→ **DATA FOR THIS EXERCISE**:
....

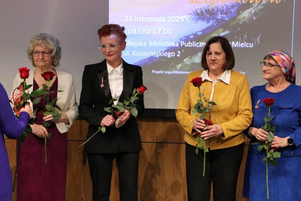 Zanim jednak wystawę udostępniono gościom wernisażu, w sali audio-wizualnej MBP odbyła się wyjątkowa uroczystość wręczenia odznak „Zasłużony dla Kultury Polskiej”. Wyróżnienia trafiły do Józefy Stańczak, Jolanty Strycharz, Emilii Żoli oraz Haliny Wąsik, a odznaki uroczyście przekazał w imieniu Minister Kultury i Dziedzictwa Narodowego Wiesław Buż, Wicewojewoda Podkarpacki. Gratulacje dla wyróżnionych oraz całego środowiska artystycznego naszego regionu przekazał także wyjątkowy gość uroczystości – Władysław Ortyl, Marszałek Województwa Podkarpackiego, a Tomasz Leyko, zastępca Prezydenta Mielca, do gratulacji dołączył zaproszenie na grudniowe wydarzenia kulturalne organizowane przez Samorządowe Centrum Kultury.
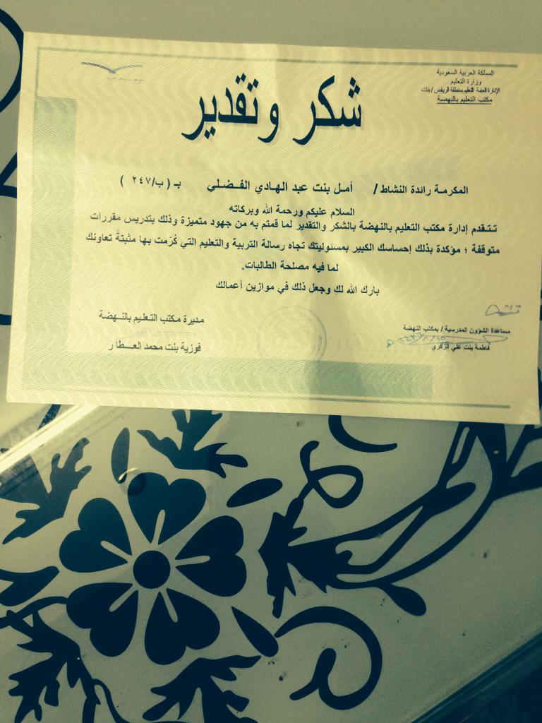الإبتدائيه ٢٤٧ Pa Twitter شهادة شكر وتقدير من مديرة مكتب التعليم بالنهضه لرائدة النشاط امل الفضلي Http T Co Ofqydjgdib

....

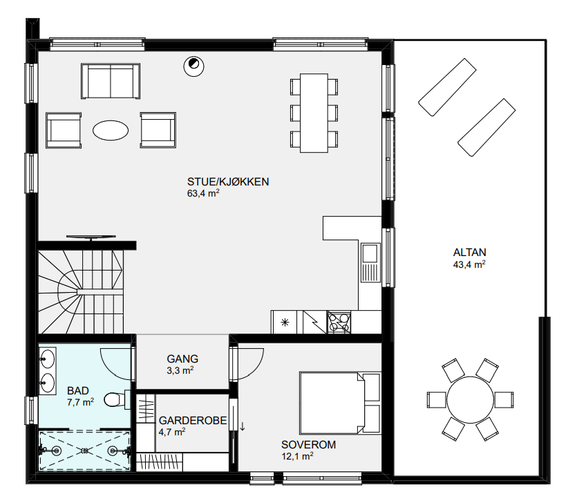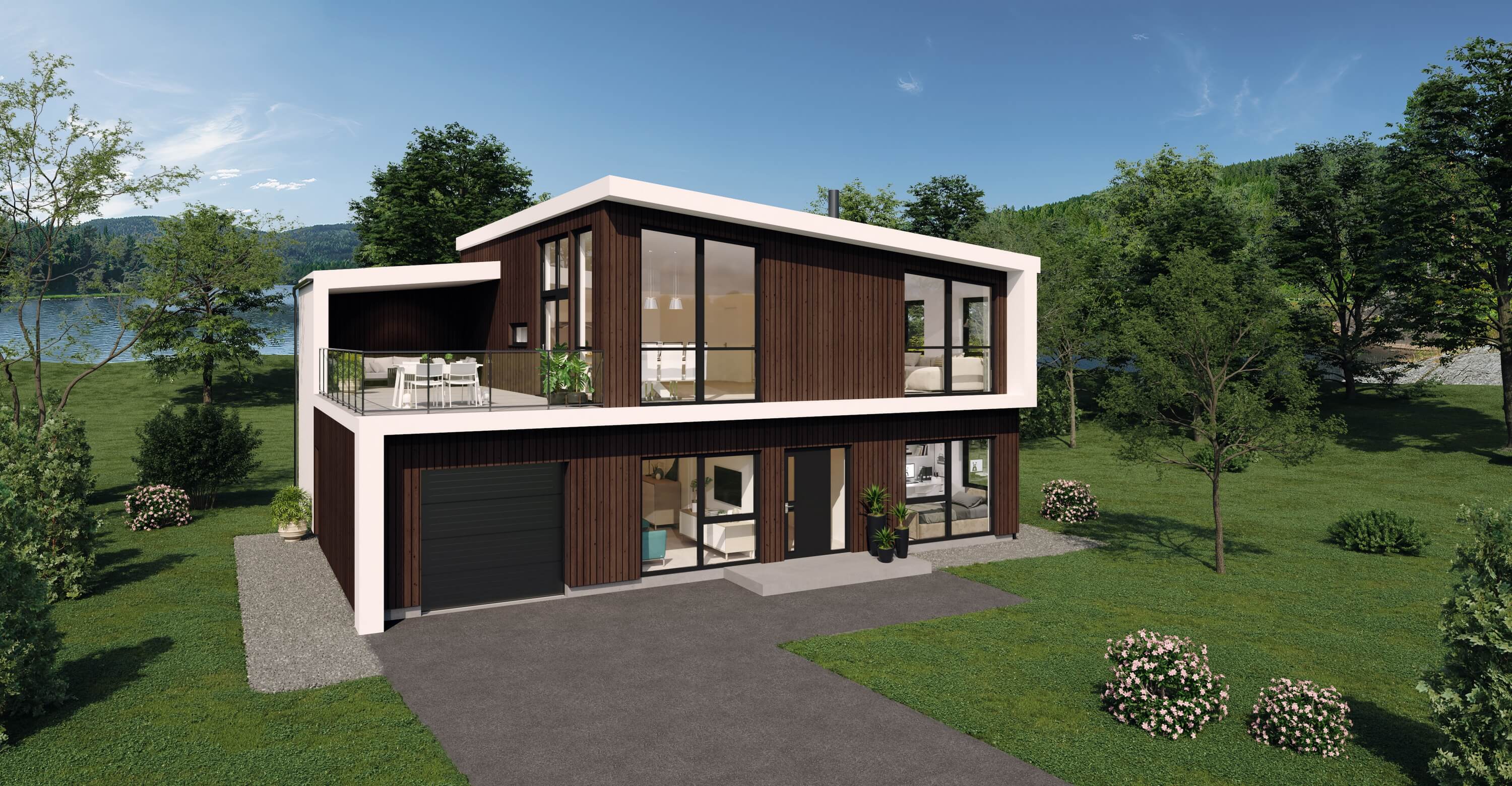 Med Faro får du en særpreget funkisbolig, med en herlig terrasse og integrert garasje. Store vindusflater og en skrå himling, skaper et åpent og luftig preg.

....

→ **TASK DIRECTIONS**:
Using the entries above, transcribe exactly from the line that has "Zanim jednak wystawę" through the line that has "الإبتدائيه ٢٤٧ Pa". Pictures are dropped.

→ **OUTPUT BELOW**:
 Zanim jednak wystawę udostępniono gościom wernisażu, w sali audio-wizualnej MBP odbyła się wyjątkowa uroczystość wręczenia odznak „Zasłużony dla Kultury Polskiej”. Wyróżnienia trafiły do Józefy Stańczak, Jolanty Strycharz, Emilii Żoli oraz Haliny Wąsik, a odznaki uroczyście przekazał w imieniu Minister Kultury i Dziedzictwa Narodowego Wiesław Buż, Wicewojewoda Podkarpacki. Gratulacje dla wyróżnionych oraz całego środowiska artystycznego naszego regionu przekazał także wyjątkowy gość uroczystości – Władysław Ortyl, Marszałek Województwa Podkarpackiego, a Tomasz Leyko, zastępca Prezydenta Mielca, do gratulacji dołączył zaproszenie na grudniowe wydarzenia kulturalne organizowane przez Samorządowe Centrum Kultury.
الإبتدائيه ٢٤٧ Pa Twitter شهادة شكر وتقدير من مديرة مكتب التعليم بالنهضه لرائدة النشاط امل الفضلي Http T Co Ofqydjgdib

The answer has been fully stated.